Only certain lines below are wanted: those starting at the line containing "丸みを残したスクエア型のバッ" and ending at the line containing "A Pékin, un", both included, each retyped exactly.

__Supplied entries__:
-- Opening Marker --

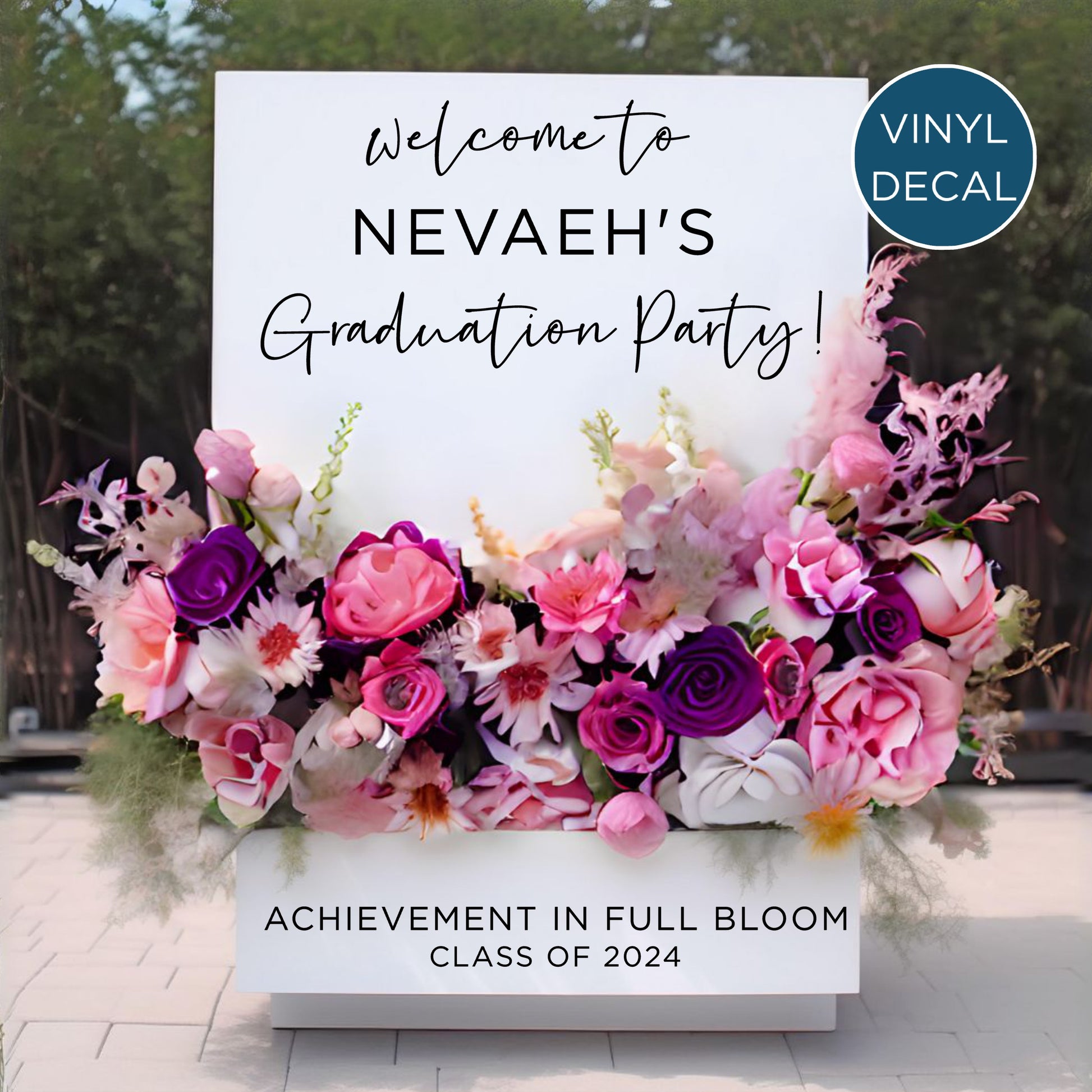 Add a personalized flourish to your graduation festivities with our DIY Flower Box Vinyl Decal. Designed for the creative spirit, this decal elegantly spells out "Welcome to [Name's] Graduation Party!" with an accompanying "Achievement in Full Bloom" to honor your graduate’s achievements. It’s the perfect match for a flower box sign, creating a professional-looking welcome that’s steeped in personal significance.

-- Closing Marker --
-- Opening Marker --

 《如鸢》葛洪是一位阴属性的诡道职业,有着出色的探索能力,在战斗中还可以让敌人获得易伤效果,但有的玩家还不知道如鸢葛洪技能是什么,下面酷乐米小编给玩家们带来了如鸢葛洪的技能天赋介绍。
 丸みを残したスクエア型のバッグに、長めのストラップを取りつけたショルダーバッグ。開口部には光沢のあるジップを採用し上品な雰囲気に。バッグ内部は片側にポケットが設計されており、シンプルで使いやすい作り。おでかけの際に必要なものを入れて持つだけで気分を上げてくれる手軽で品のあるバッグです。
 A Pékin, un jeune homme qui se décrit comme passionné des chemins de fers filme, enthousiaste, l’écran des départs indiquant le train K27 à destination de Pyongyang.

-- Closing Marker --

__Task response__:
 丸みを残したスクエア型のバッグに、長めのストラップを取りつけたショルダーバッグ。開口部には光沢のあるジップを採用し上品な雰囲気に。バッグ内部は片側にポケットが設計されており、シンプルで使いやすい作り。おでかけの際に必要なものを入れて持つだけで気分を上げてくれる手軽で品のあるバッグです。
 A Pékin, un jeune homme qui se décrit comme passionné des chemins de fers filme, enthousiaste, l’écran des départs indiquant le train K27 à destination de Pyongyang.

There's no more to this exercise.